(Excerpts from a dataset)
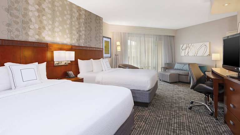 Die Zimmer sind klimatisiert und bieten einen Balkon oder eine Terrasse. Zur Ausstattung gehören ein Schreibtisch, ein Safe, eine Minibar, eine Mikrowelle und ein Kühlschrank. Ein komfortables Badezimmer mit Dusche, Föhn und Bademänteln ist ebenfalls vorhanden. Zudem sind rollstuhlgerechte Zimmer buchbar.
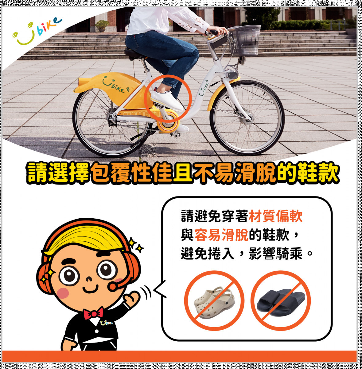 此外,也提醒拖鞋與洞洞鞋容易滑脫,影響自行車踩踏、剎車等動作,且因少了保護、容易受傷,所以騎乘自行車請選擇包覆性佳且不易滑脫的鞋款,以確保自身騎乘安全。
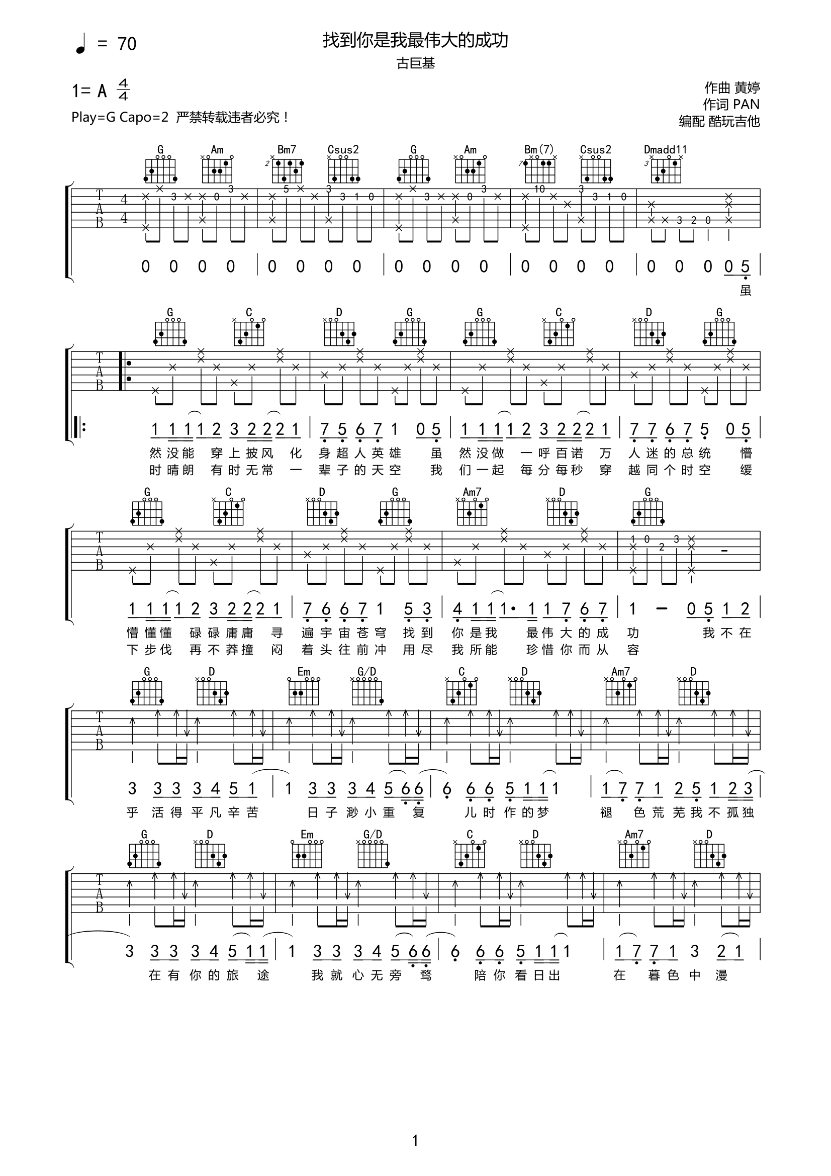 吉他古巨基《找到你是我最伟大的成功》吉他谱-G调弹唱谱高清原版谱
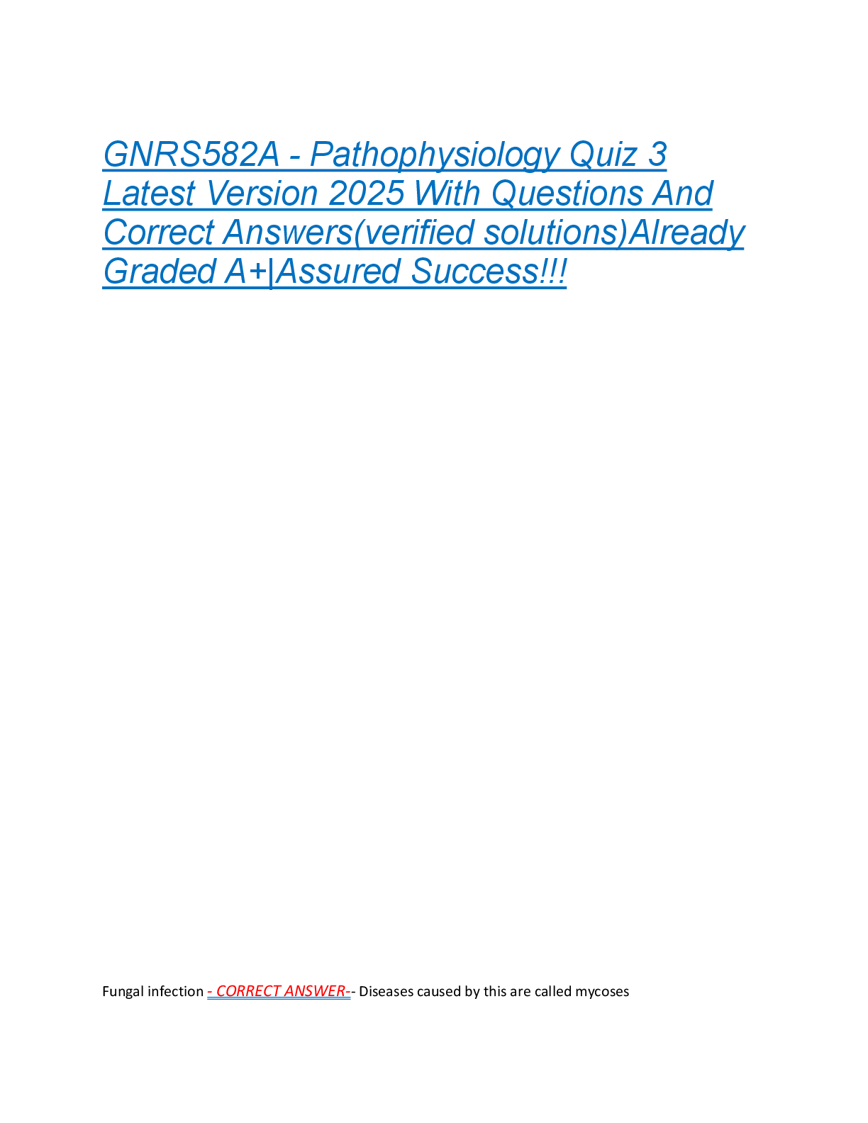 *NURSING > EXAM > GNRS582A - Pathophysiology Quiz 3 Latest Version 2025 With Questions And Correct Answers(verified solutions)Already Graded A+|Assured Success!!! (All)
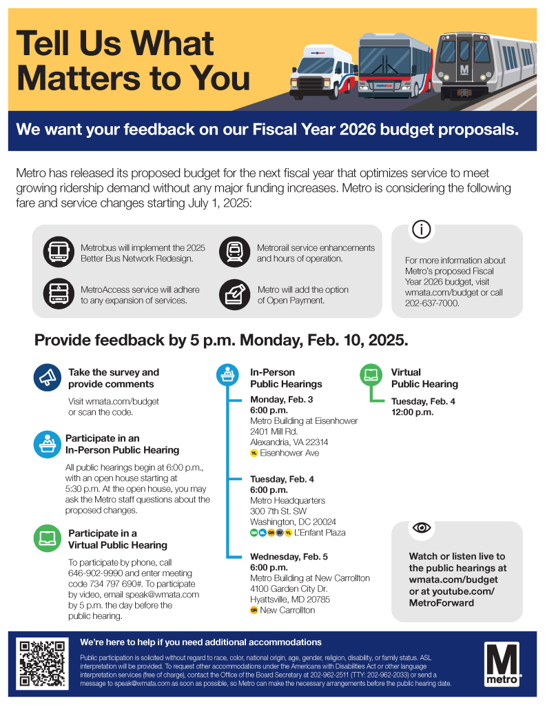 Metro is seeking input on its proposed Fiscal Year 2026 budget. For details and to submit comments/complete the public survey, visit wmata.com/budget. Provide feedback by 5:00 pm on February 10, 2025.
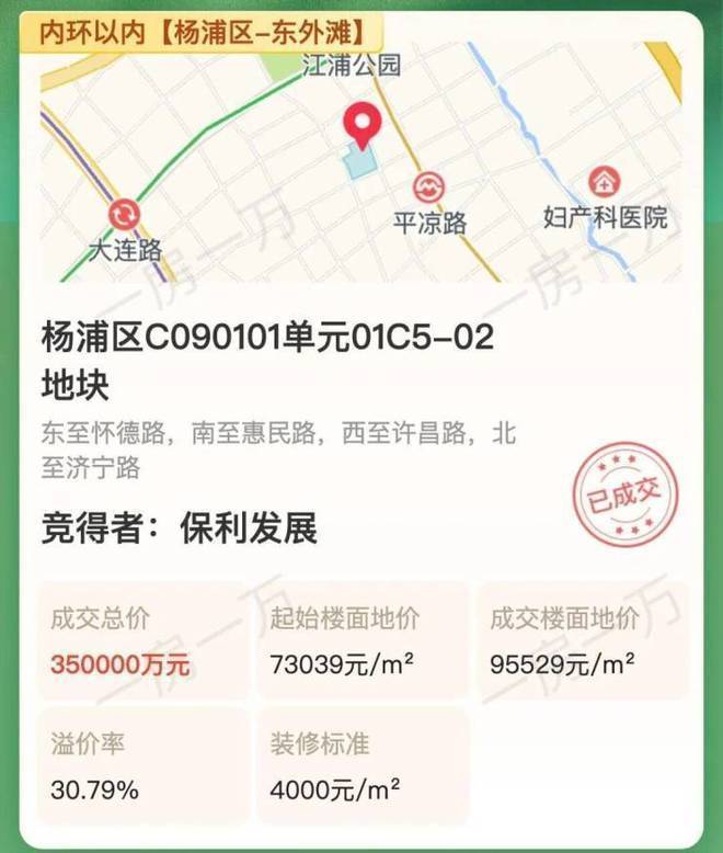 2025年6月上海5批次土拍中,6大国央企经过95轮激烈竞价,最终由保利发展以总价35亿元、楼板价95530元/㎡摘得杨浦东外滩64街坊地块(01C5-02地块)。

**INSTRUCTIONS FOR THE TASK:**
Start at the first line and set down all of the data exactly, passing over the pictures.

**PROBLEM SOLUTION:**
 Die Zimmer sind klimatisiert und bieten einen Balkon oder eine Terrasse. Zur Ausstattung gehören ein Schreibtisch, ein Safe, eine Minibar, eine Mikrowelle und ein Kühlschrank. Ein komfortables Badezimmer mit Dusche, Föhn und Bademänteln ist ebenfalls vorhanden. Zudem sind rollstuhlgerechte Zimmer buchbar.
 此外,也提醒拖鞋與洞洞鞋容易滑脫,影響自行車踩踏、剎車等動作,且因少了保護、容易受傷,所以騎乘自行車請選擇包覆性佳且不易滑脫的鞋款,以確保自身騎乘安全。
 吉他古巨基《找到你是我最伟大的成功》吉他谱-G调弹唱谱高清原版谱
 *NURSING > EXAM > GNRS582A - Pathophysiology Quiz 3 Latest Version 2025 With Questions And Correct Answers(verified solutions)Already Graded A+|Assured Success!!! (All)
 Metro is seeking input on its proposed Fiscal Year 2026 budget. For details and to submit comments/complete the public survey, visit wmata.com/budget. Provide feedback by 5:00 pm on February 10, 2025.
 2025年6月上海5批次土拍中,6大国央企经过95轮激烈竞价,最终由保利发展以总价35亿元、楼板价95530元/㎡摘得杨浦东外滩64街坊地块(01C5-02地块)。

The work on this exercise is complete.